Se termina un 2018 cargado de partidos para Ezequiel Casco, pero se avecina un 2019 con objetivos renovados. Después de un año duro, ahora el representante argentino de tenis sobre silla de ruedas encara lo que se viene con optimismo.

“Arranqué muy bien el año, tuvo un bache en la mitad pero lo terminé muy bien. La gira por Sudamérica fue el mejor momento. Es más lindo estar cerca de casa”, le dice a Paradeportes, analizando su temporada.

Los entrenamientos ya comenzaron para el “Mono”, dado que el 2 de enero viaja a Arizona para el primer torneo del 2019. Actualmente está en el puesto 35 del ranking. Nuevamente será parte de una gira por Europa de cuatro meses de duración, a partir de abril.

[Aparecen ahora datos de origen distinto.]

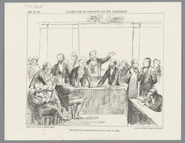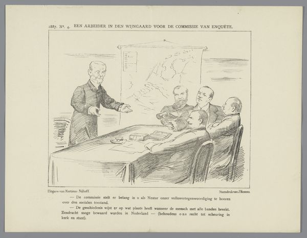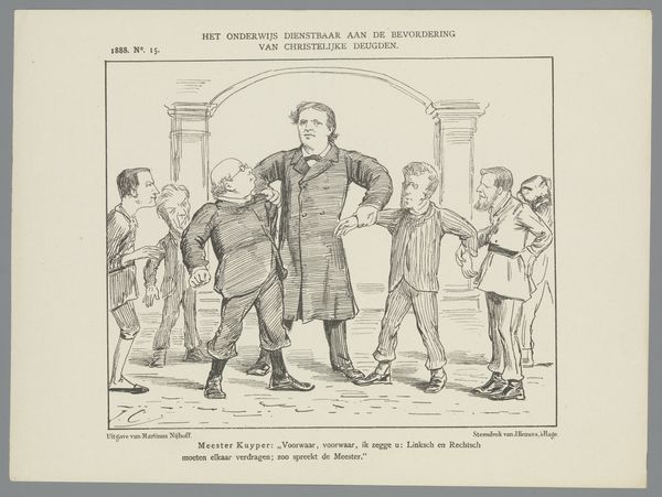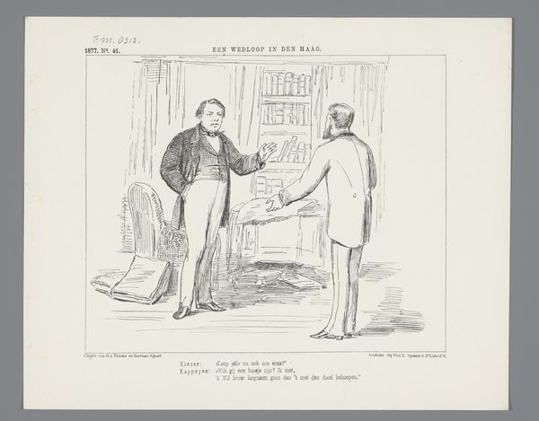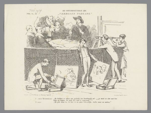 This print, titled "Spotprent," was created in 1878 by Johan Michaël Schmidt Crans. It’s a satirical illustration referencing a "magic comedy" called "From Amsterdam to Baghdad," a play in six scenes. The humor here seems rooted in societal critique. On the left, we see what appears to be a panel of critics or judges, perhaps representing the establishment or arbiters of taste. To the right stands a figure awkwardly attached to a stork, seemingly representing the playwright or perhaps the play itself. The stork is a metaphor, suggesting a clumsy or perhaps unnatural attempt at flight or fancy. The Dutch text beneath the image adds another layer. The figure laments that despite his attempts, he cannot play the fool, suggesting a struggle to entertain or perhaps a critique of the play's own shortcomings. It speaks to the tension between artistic ambition and public reception. Ultimately, the print invites us to reflect on the relationship between art, criticism, and the artist's struggle to find their place within a complex cultural landscape. It hints at the personal and emotional toll of artistic creation and the ever-present fear of failure or ridicule.
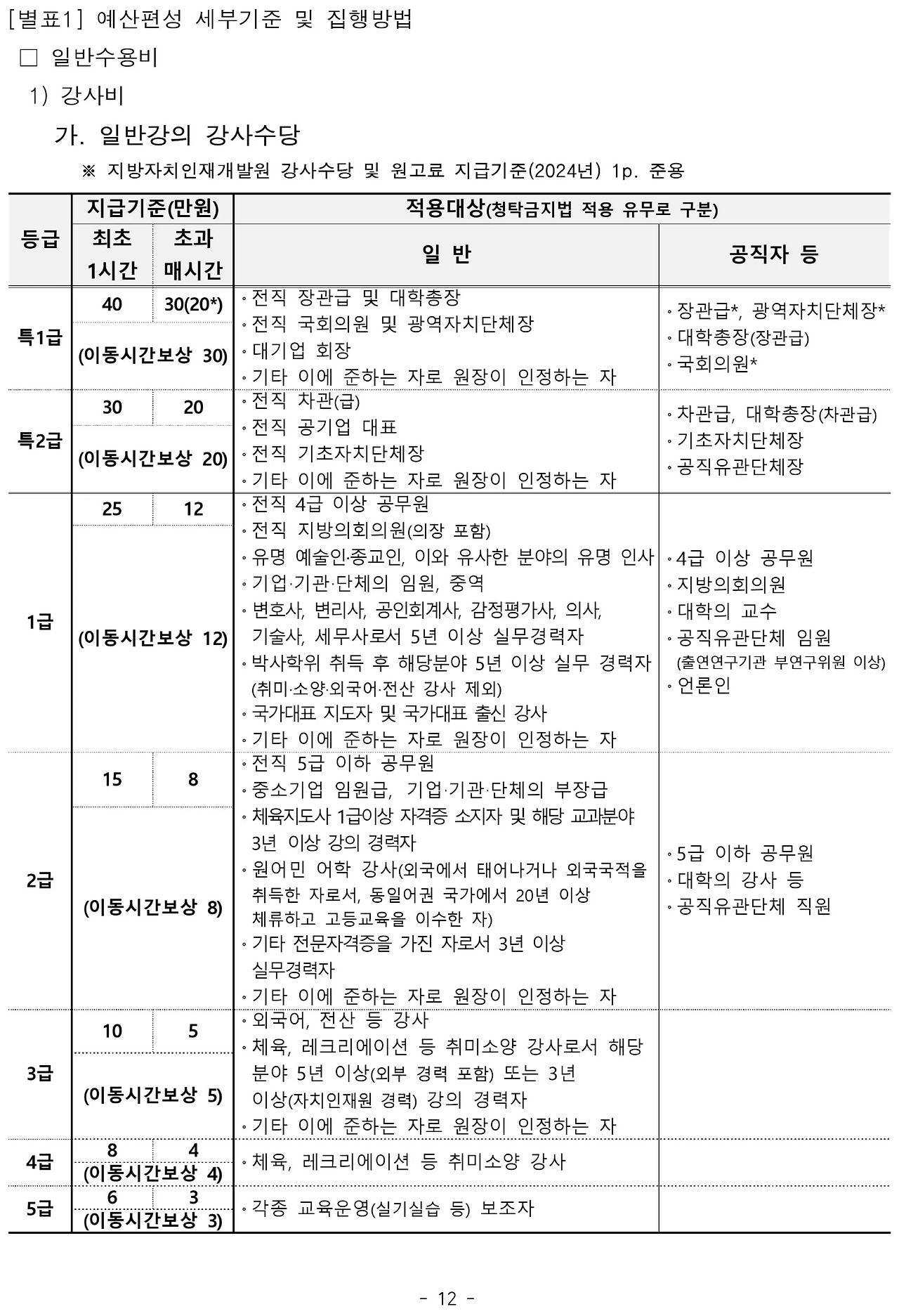 (행정안전부) 지방자치 인재개발원 강사수당 및 원고료 지급기준
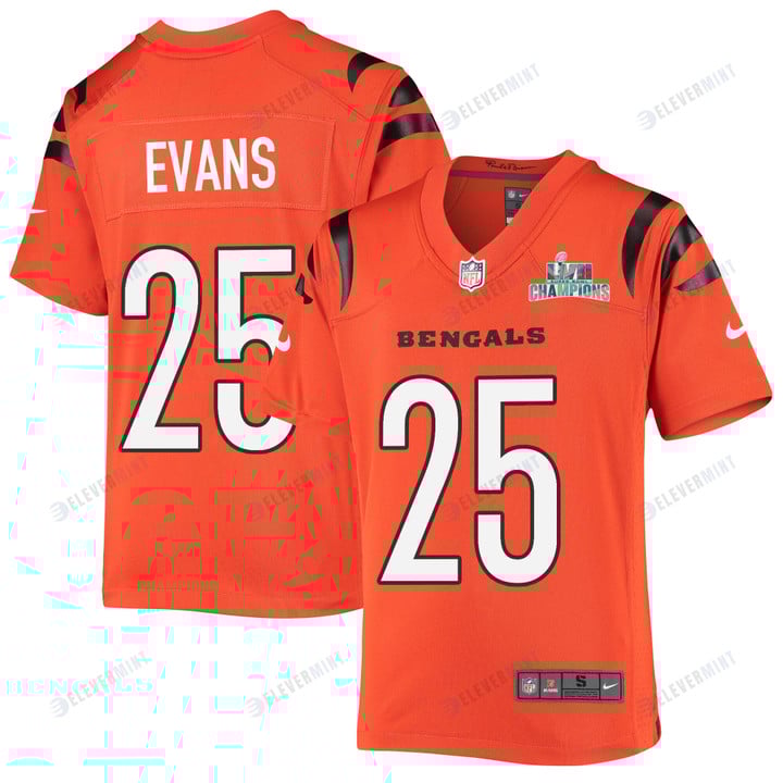 Chris Evans 25 Cincinnati Bengals Super Bowl LVII Champions Youth Alternate Game Jersey - Orange
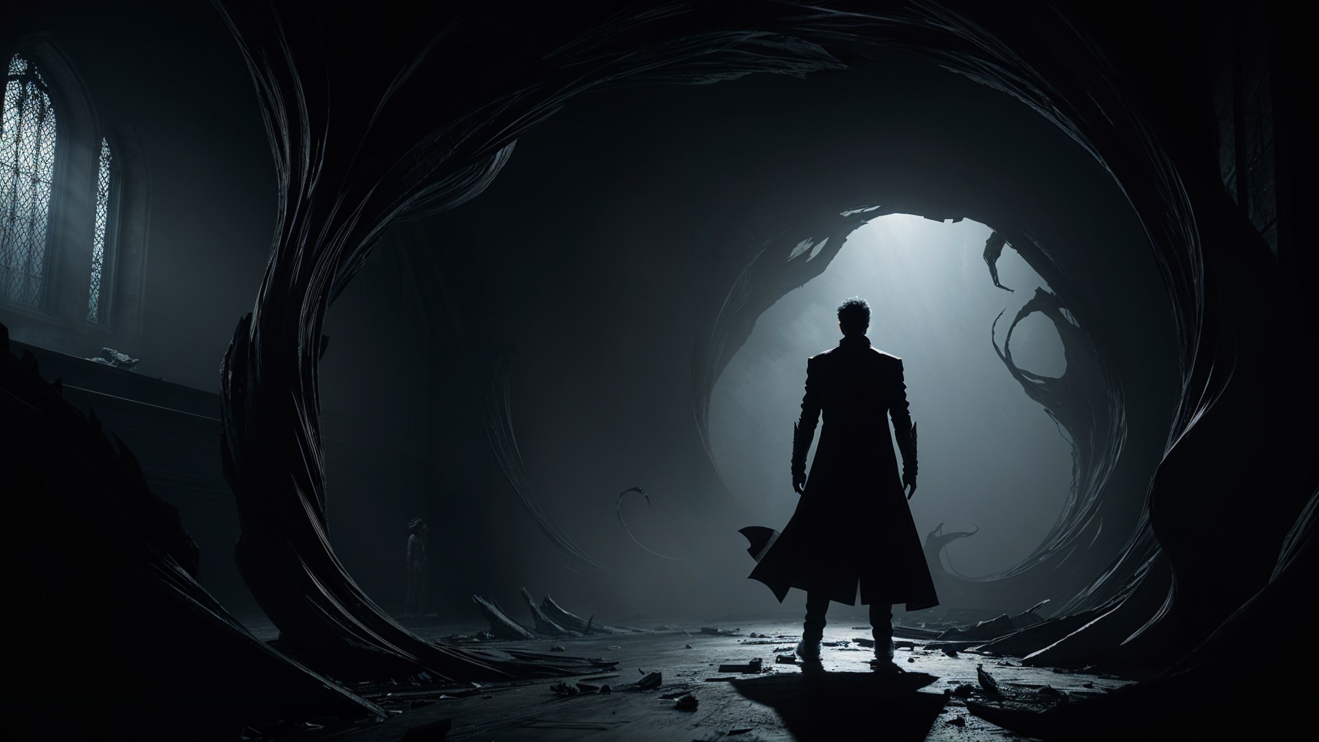 Prompt: Intriguing Jesus Christ silhouette, filled with a nocturnal red cast Biblical Jerusalem, double exposure effect, black outer silhouette, inner glowing landscape with lights, set against 3D black and grey backdrop with red curving lines, bold black strokes, white, and bright red, blending Olivia De Berardinis' sensuality, Thomas Kinkade's dramatic chiaroscuro, Greg Rutkowski's mystical aura, and Alphonse Mucha's Art Nouveau elegance.

Uno de sus objetivos para el año que se avecina justamente pasa por esa lista: “Quiero subir un poco y estar entre los primeros 20. Poder mantenerme en ese top”. El otro es Lima 2019: a sus 25 años, y después de la medalla dorada junto a Gustavo Fernández en el dobles de Toronto 2015, ahora los Juegos Parapanamericanos se asoman como una nueva chance para Casco. “Hay muchas caras conocidas, lo afronto con responsabilidad y preparándome. Ojalá salga todo bien”, cerró.